Palindromic Decomposition Of A String Problem Statement

Find all palindromic decompositions of a given string s.

A palindromic decomposition of string is a decomposition of the string into substrings, such that all those substrings are valid palindromes.

Example

{
"s": "abracadabra"
}

Output:

["a|b|r|a|c|ada|b|r|a", "a|b|r|aca|d|a|b|r|a", "a|b|r|a|c|a|d|a|b|r|a"]

Notes

• Any string is its own substring.
• Output should include ALL possible palindromic decompositions of the given string.
• Order of decompositions in the output does not matter.
• To separate substrings in the decomposed string, use | as a separator.
• Order of characters in a decomposition must remain the same as in the given string.
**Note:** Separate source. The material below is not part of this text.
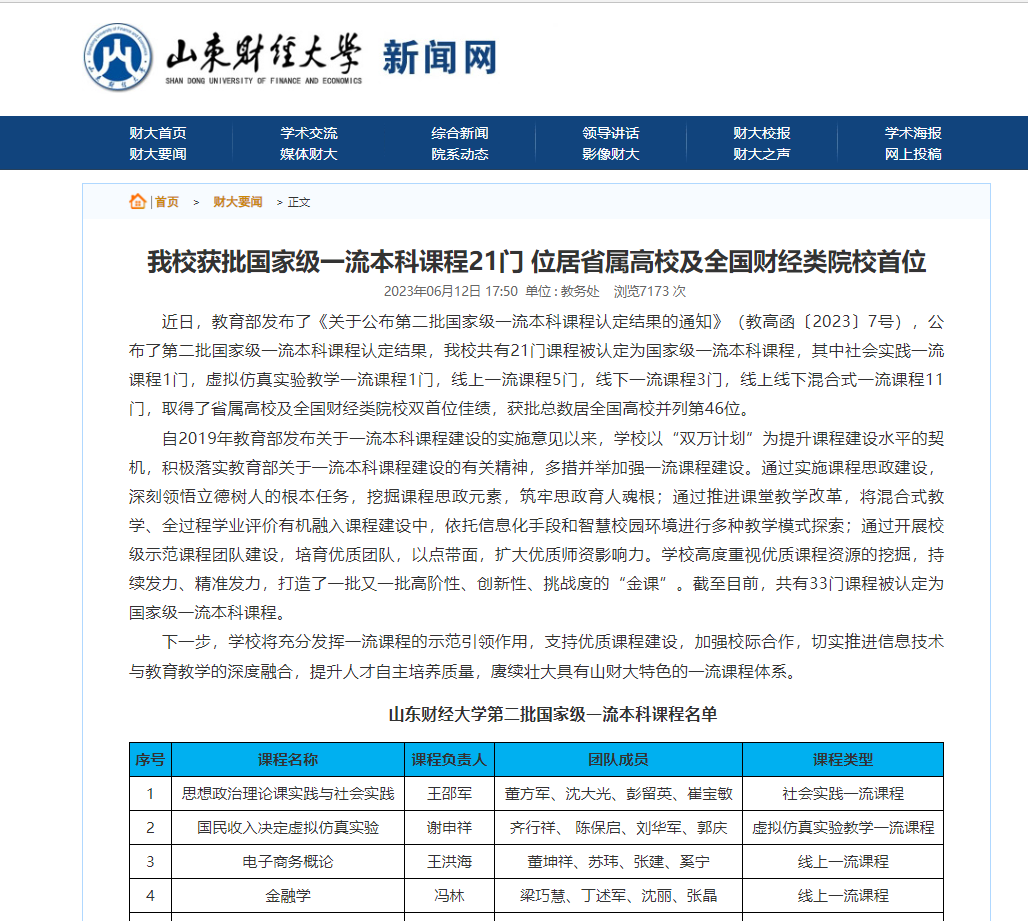 四、4月11日,教育部发布了《关于第二批国家级一流本科课程认定结果的公示》,我院《金融学》(线上)获批第二批国家级一流本科课程。这是继2022年我院《金融工程》(线下)、《金融学》(线上线下混合式)、《证券投资学》(线上线下混合式)三门课程获批第一批国家级一流本科课程后又一门课程入选国家级一流本科课程。至此我院共有4门国家级一流本科课程,另外还有《证券投资学》(线上)、《国际结算》(双语)(线上线下混合式)、《公司金融》(线上线下混合式)、《金融资产管理运营》(虚拟仿真)4门山东省一流本科课程。

For example, for s = "ab", return ["a|b"] and not ["b|a"].
• Strings in the output must not contain whitespace. For example, ["a |b"] or ["a| b"] is incorrect.

Constraints:

• 1 <= length of s <= 20
• s only contains lowercase English letters.

We have provided two solutions:

1. Recursive solution: other_solution.cpp.
2. Dynamic programming solution: Palindromic Decomposition Of A String Solution: Optimal.

Try to solve the problem using both approaches.

In the dynamic programming solution we have pre-calculated is_palindrome array. In the recursive solution we have not done that to make code more readable. Do that there too.

optimal_solution.cpp

This is a dynamic programming solution.

Time Complexity

O(2^n-1 * n).

Worst case are strings like "aaaaaaaaaaaaaaaaaaaa", every substring there is a palindrome.

Auxiliary Space Used

O(2^n-1 * n).

Answer array stores 2^n-1 palindromic decompositions (in the worst case anyway) of length O(n).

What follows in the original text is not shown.